Chicago Cubs and modular arithmetic

Representing $x$ in the form of 77 as $77a+15$ for $a \ge 0$ .

Representing $x$ in the form of 286 as $286b+15$ for $b \ge 0$ .

Now equating both we get:

$77a+15=286b+15 \\ 7a=26b$

Now when $a=0$ we get $x=15$ but $x>15$ and $26 | a$ so $a=26$ and $x=2017$ .

We have $286=11.26$ & $77=11.7$ .

LCM of7 & 26 is 182.

So LCM of 286 & 77 is 11.182 = 2002 which both 286 & 77 divides.
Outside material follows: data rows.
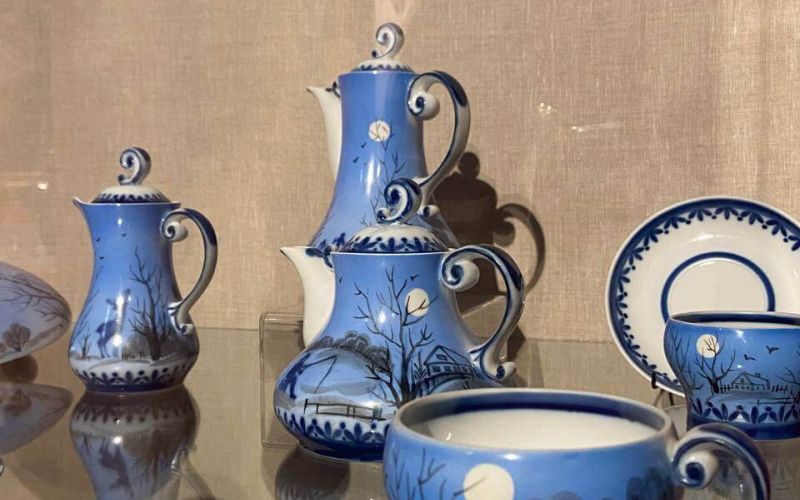 Зимние пейзажи Подмосковья с живописными лесными уголками, заснеженными деревенскими домиками и полями, зимними забавами и повседневными заботами вдохновили известного художника по фарфору Анну Ивановну Правикову (1919 — 1996) на создание чайно-кофейного сервиза с блюдом для завтрака «Подмосковные вечера», в котором объединены изящество формы, белизна фарфора и интересная роспись, тонко воспроизводящая атмосферу зимнего вечера.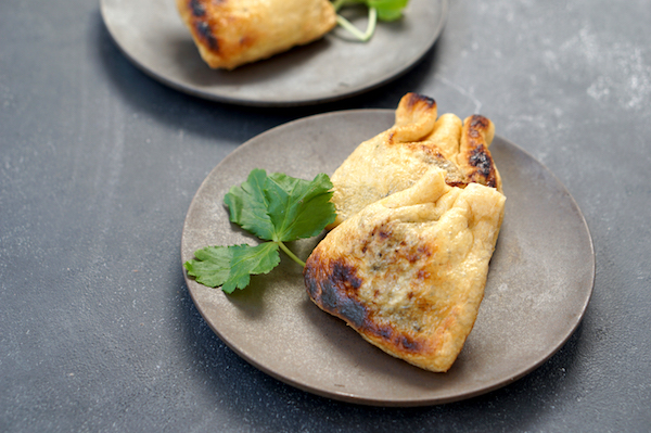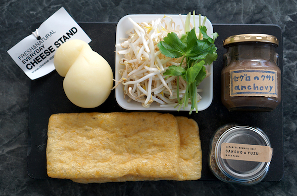 油揚げにカチョカヴァッロ、もやし、三つ葉を詰めて、網にのせて焼く“巾着(きんちゃく)”の簡単レシピです。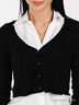 Детали: V-образный вырез горловины, длинные рукава с широкой манжетой, застежка на пуговицах.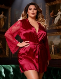 Home > > Eyelash Lace Sleepwear Silk Long Sleeves Nightdress with G String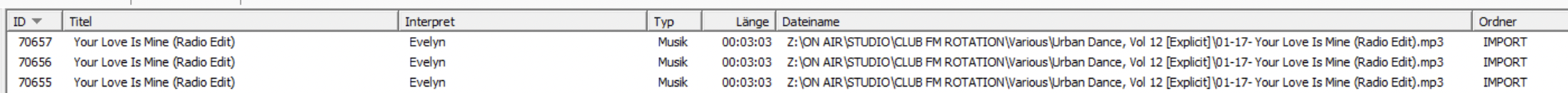 mir ist gerade etwas ziemlich seltsames passiert: Beim Importieren einiger neuer Soundfiles über die “Synchronisieren” Funktion wurde plötzlich eine uralte Bestandsdatei als neu erkannt und dementsprechend erneut eingelesen. An der besagten Datei wurde nichts verändert. Bei jeder Synchronisierung wird diese Datei jetzt als neu erkannt und kann somit mehrfach in die Datenbank importiert werden:
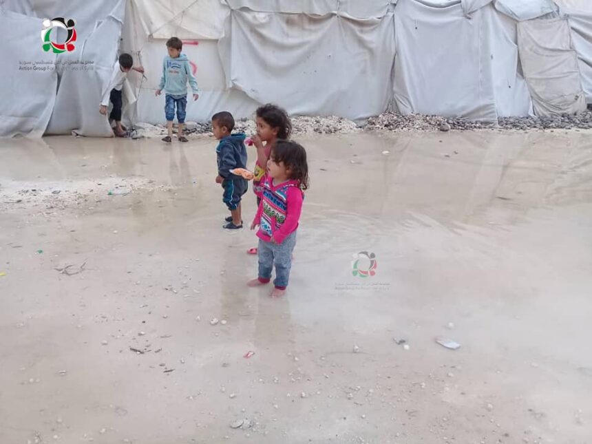 Tents have been uprooted and others have fallen apart as torrential downpours have swamped Deir Ballout Camp for Palestinian refugees in Jindires in Afrin, north of Syria.
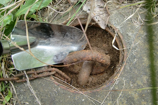 「救助袋」と呼ばれる避難器具に使用する取り付け金具です。救助袋自体は建物内に設置されますが、いざという時に使用する際には窓から救助袋を出し、地上の人々が袋の一部をこの金具に固定することで初めて使用可能となります。なので袋だけではなくこの金具もいざという時にちゃんと使用出来るよう点検の際には中を確認し、必要に応じて清掃なども行います。点検でも見落としがちなので注意が必要です。(H28年8月撮影)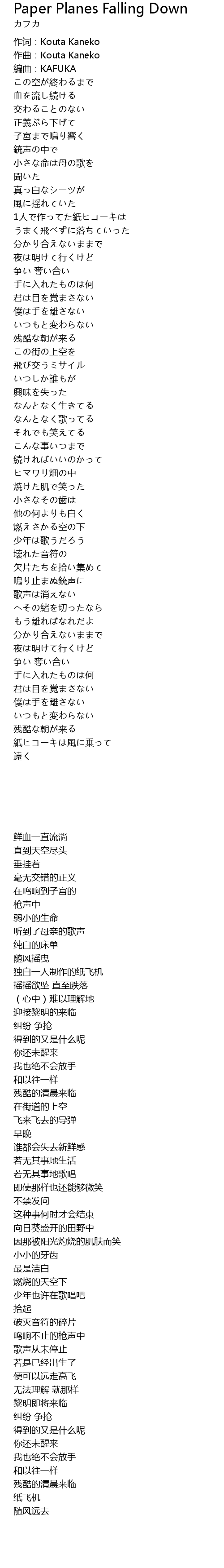 | [00:09.05] | zuo ci: Kouta Kaneko |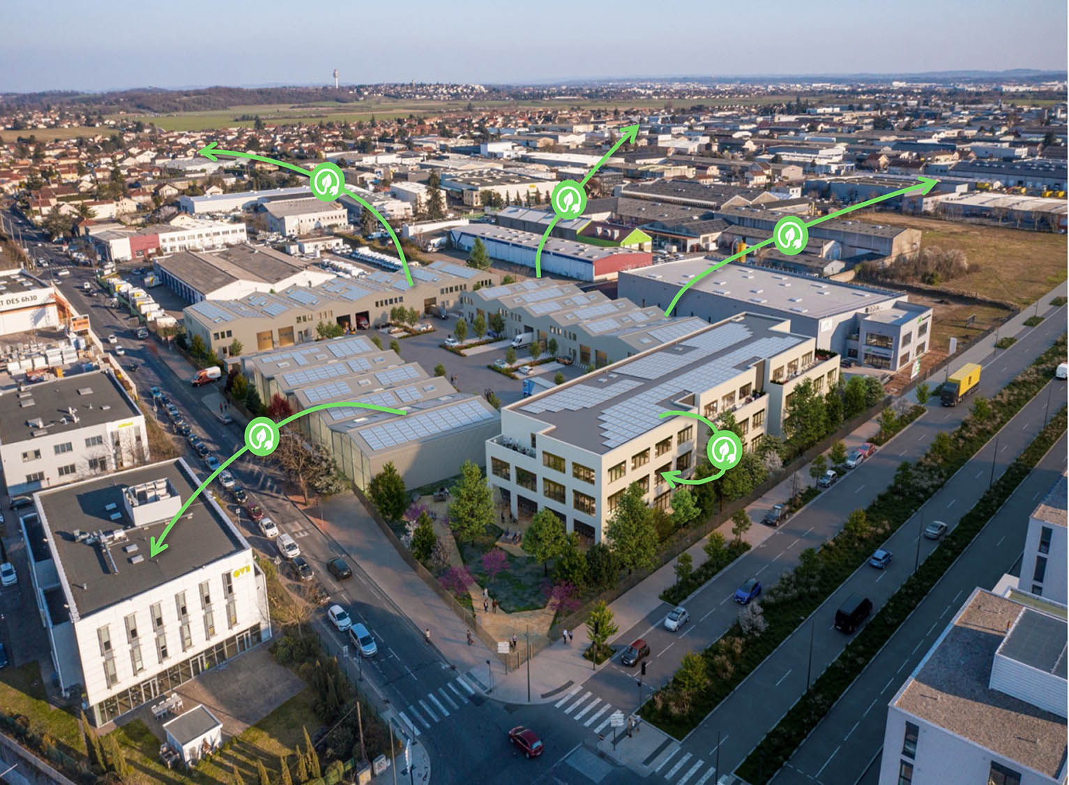 Pôle tertiaire, Carré de Soie est également un territoire cible de renouvellement et de développement pour l’économie productive sur la Métropole de Lyon. Livré en novembre 2023, le parc d’activités des Portes de la Soie à Vaulx-en-Velin, est symbolique des nouvelles formes possibles pour le tissu industriel, avec une utilisation économe du foncier et des espaces d’activités modulables. Il héberge aussi aussi la plus grande opération d’autoconsommation collective d’énergie renouvelable de la région, avec 1530 panneaux photovoltaïques installés en toiture, produisant une énergie verte consommée sur place ou dans le quartier environnant. Â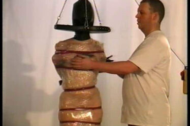 he premise here is that Summer and Stacey are both latex clad and about to be bound tightly. Stacey’s elbows and wrists are first and then Summer’s elbows and wrists are tightly bound. Stacey is then placed on a rolling stool and her ankles tied around it. She’s ballgagged first before David moves around and ballgags Summer as well. A body rope finishes off Stacey’s restraints before David takes another rope and hobbles off Summer’s high heeled ankles. David then leashes Stacey’s body rope off to Summer’s elbows forcing Summer to tow Stacey while bound and gagged. Pass after pass make it obvious that pulling her in a forward direction is easy enough, but not quite as easy to steer. Eventually the rope works it’s way around to the back of Stacey and she’s pulled backwards for a bit to finish off her bondage scenario.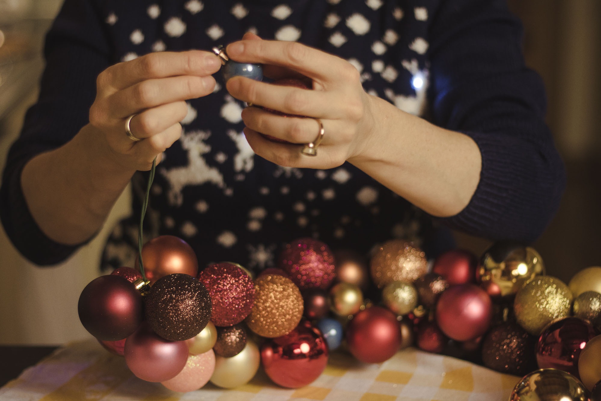 Opakowanie bombek w 3 różnych rozmiarach i wieszak z pralni może Wam załatwić temat dekoracji raz a dobrze. Jeszcze lepiej, jeśli tak jak ja macie drucik. Wystarczy nawlec bombki na drucik lub „rozpięty” i uformowany w kółko wieszak. Ważne, aby mocować na zmianę duże bombki i małe, które wypełnią miejsca między tymi większymi. Całość zajmie Wam nie więcej niż 10 minut. Wieniec możecie zawiesić w oknie, na drzwiach lub wykorzystać jako ozdobę dla świec.

So the least number leaving remainder 15 is $\boxed{2002+15=2017}$ .

I used Chinese Remainder Theorem

Consider that in the space of possible solutions we will want the lowest common multiple of 77 and 286 that is less than this number by 15. As we can interpret x congruent to 15 in under modulo 77 as all the multiples of 77 plus 15, the same can be said for the second equation. This leads back to the first statement I made.

$LCM(77,286)+15=2017$

Go Cubs! And to the end of the Billy Goat Curse!

LCM(77,286)=7×11×26=2002. x is equivalent to 15 mod(2002) as well.which implies that x=2002q+15 for some integer q.Therefore the lowest possible value of x such that x>15 is x=2002×1+15=2017. So the final answer is 2017.